While the joint development, marketing and sales agreement was only announced on March 1, the deal was actually signed before Christmas, ComputerWire has learned, and members of Software AG’s design team have been working in Fujitsu’s California offices since then. By this summer the companies say they will be ready to unveil the suite of modules. The suite has not yet been given a name.

Taken together, the companies believe that the suite will take them ahead of competing platforms from IBM, BEA, and Tibco, which according to Software AG’s Jonathan Airey, vice-president of XML business integration, do not have tight enough linkages between business process management and services-oriented integration.

The companies define SOA as a standards-based organizational and design methodology for redesigning business systems and applications to more closely align with the functional processes of the organization.

According to Airey, there are a number of modules that will form the SOA platform suite. These include Fujitsu’s Interstage Business Process Manager, and Software AG’s Enterprise Service Integrator and Enterprise Information Integrator products, for enterprise service bus-based integration and real-time information access. These are existing products, but the companies are jointly working on integrating them.

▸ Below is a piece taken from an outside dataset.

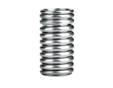 A close-up studio shot of a cylindrical metal compression spring stacked on a black background
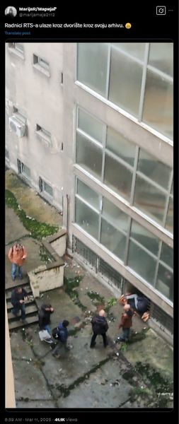У зграду РТС-а успела је да уђе група запослених, а како је за Н1 рекао Алекса, студент Математичког факултета из Новог Сада, запослени су из једног оближњег хаустора ушли кроз сутеренске просторије.

There will also be a completely new product called Integration Metadata Repository, which will provide the necessary categorization, versioning, and discovery of web services and other integration elements required in a service oriented architecture. It will support the Universal Description, Discovery and Integration standard, which helps with the discovery of web services, but according to Airey, will go much further than that. UDDI doesn’t tell you everything you need to know to leverage those services, for example how to prioritize between services, access methods, and how to make best use of them, he said.

IMR will use Software AG’s Tamino database as its repository, but this will be embedded and not need to be licensed separately. The suite of modules is expected to support Windows and Solaris version 9 initially, with additional platforms added later in the year.